Information provided: Begin

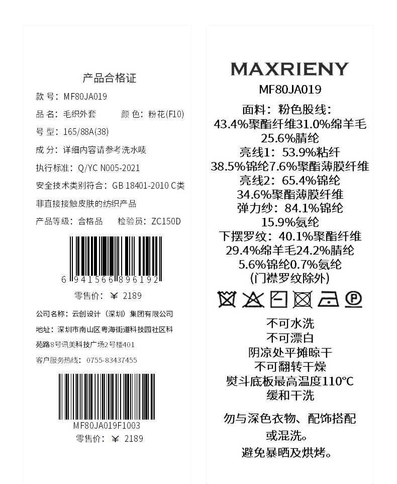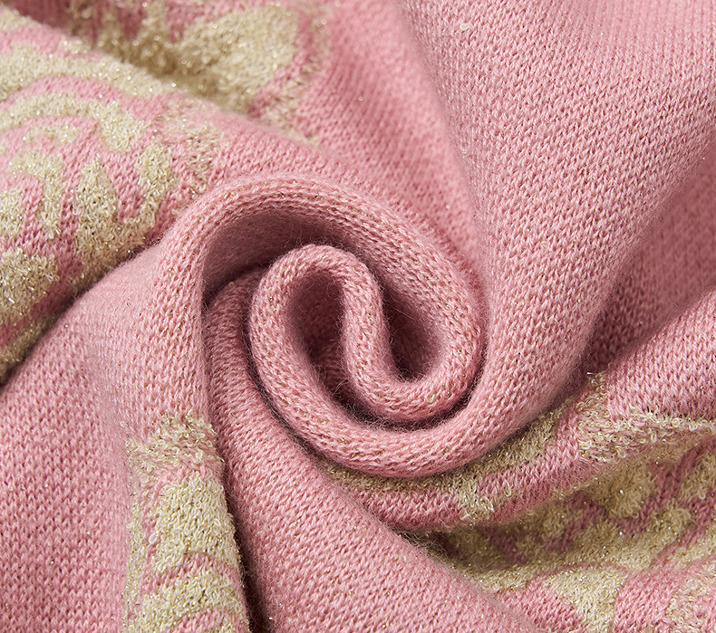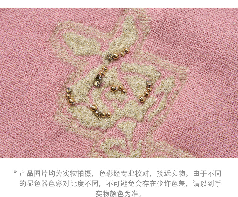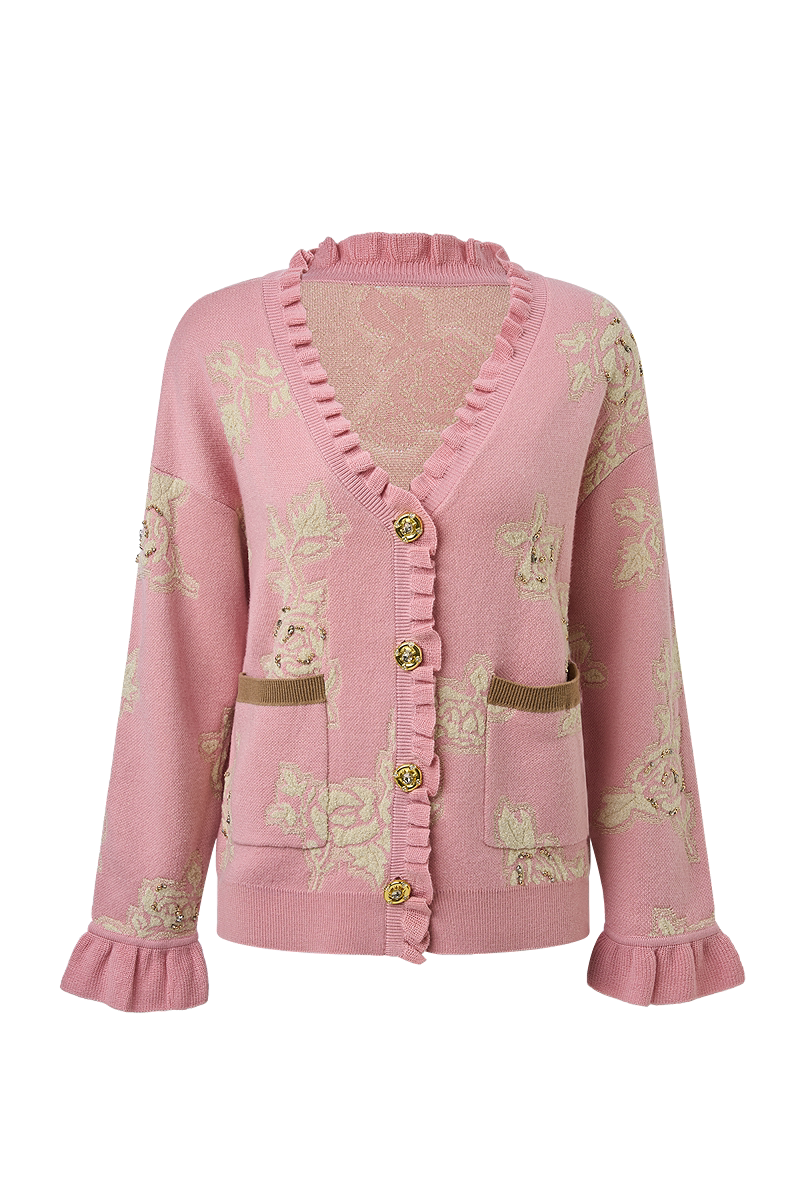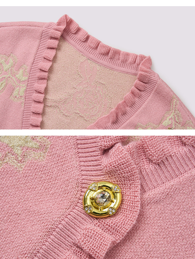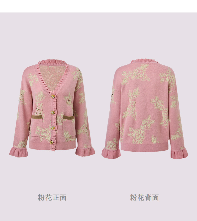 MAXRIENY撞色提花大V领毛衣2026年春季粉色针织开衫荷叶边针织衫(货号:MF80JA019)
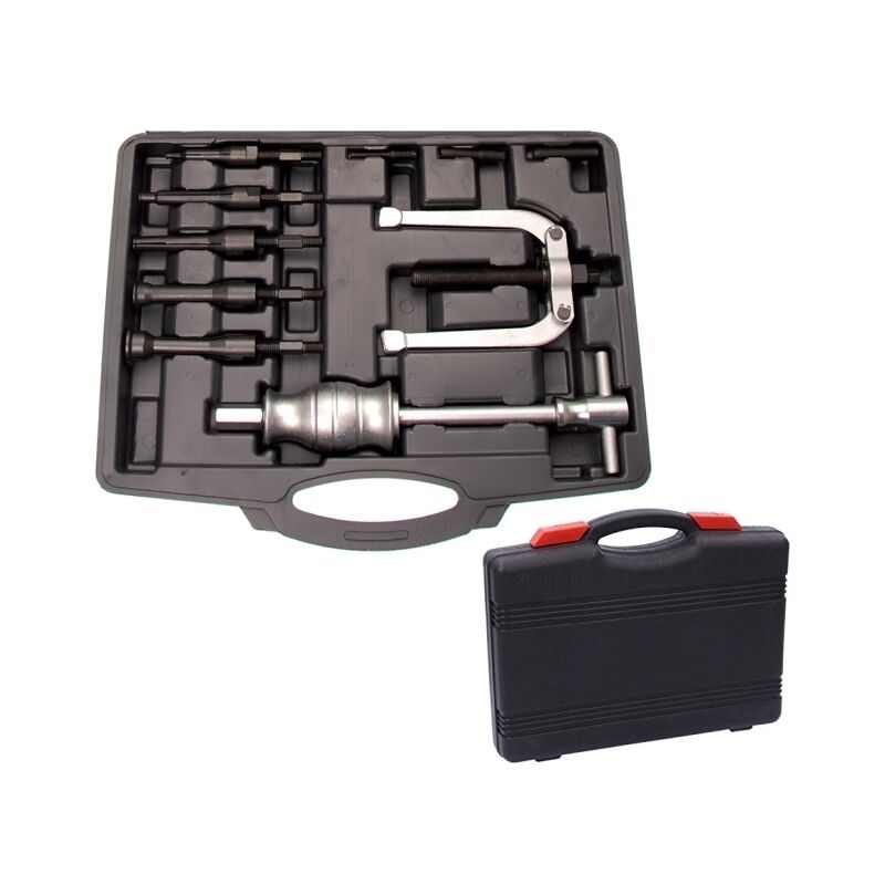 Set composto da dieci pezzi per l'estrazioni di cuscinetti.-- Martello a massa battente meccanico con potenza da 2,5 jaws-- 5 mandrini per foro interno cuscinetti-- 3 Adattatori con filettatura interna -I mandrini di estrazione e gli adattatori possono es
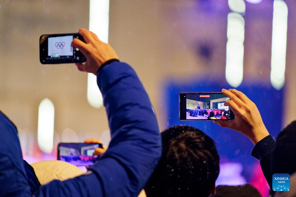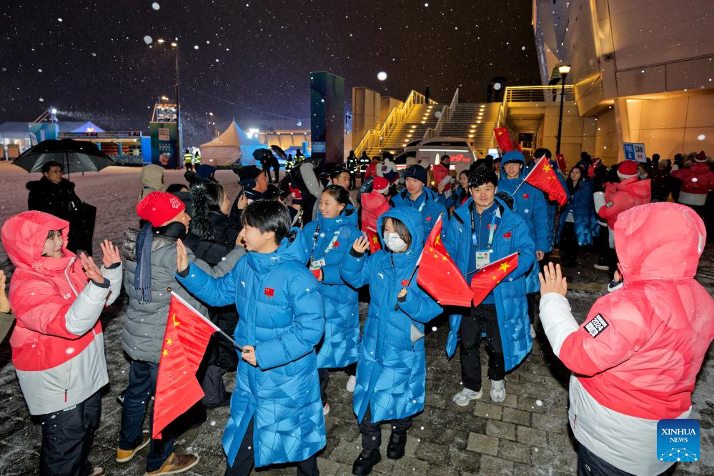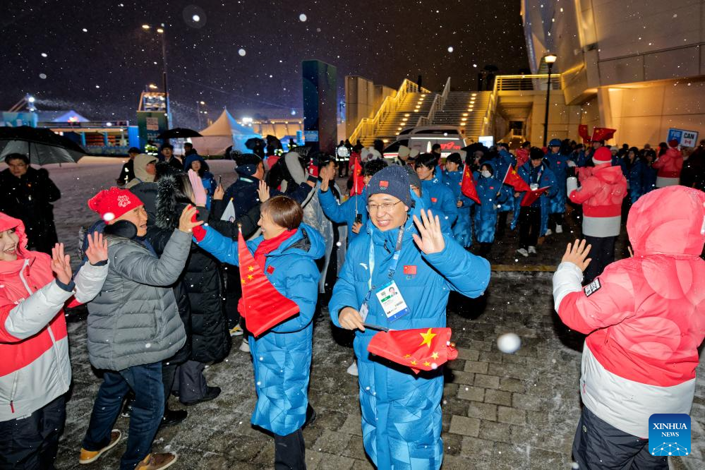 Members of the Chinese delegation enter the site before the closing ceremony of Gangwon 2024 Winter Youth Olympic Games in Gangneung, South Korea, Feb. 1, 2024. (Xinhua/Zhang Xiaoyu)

Information provided: End

**Task details:** Would you restate word for word only the lines from the one containing "Set composto da" to the final line of the material, both ends included, without any pictures?

**Answer:**
 Set composto da dieci pezzi per l'estrazioni di cuscinetti.-- Martello a massa battente meccanico con potenza da 2,5 jaws-- 5 mandrini per foro interno cuscinetti-- 3 Adattatori con filettatura interna -I mandrini di estrazione e gli adattatori possono es
 Members of the Chinese delegation enter the site before the closing ceremony of Gangwon 2024 Winter Youth Olympic Games in Gangneung, South Korea, Feb. 1, 2024. (Xinhua/Zhang Xiaoyu)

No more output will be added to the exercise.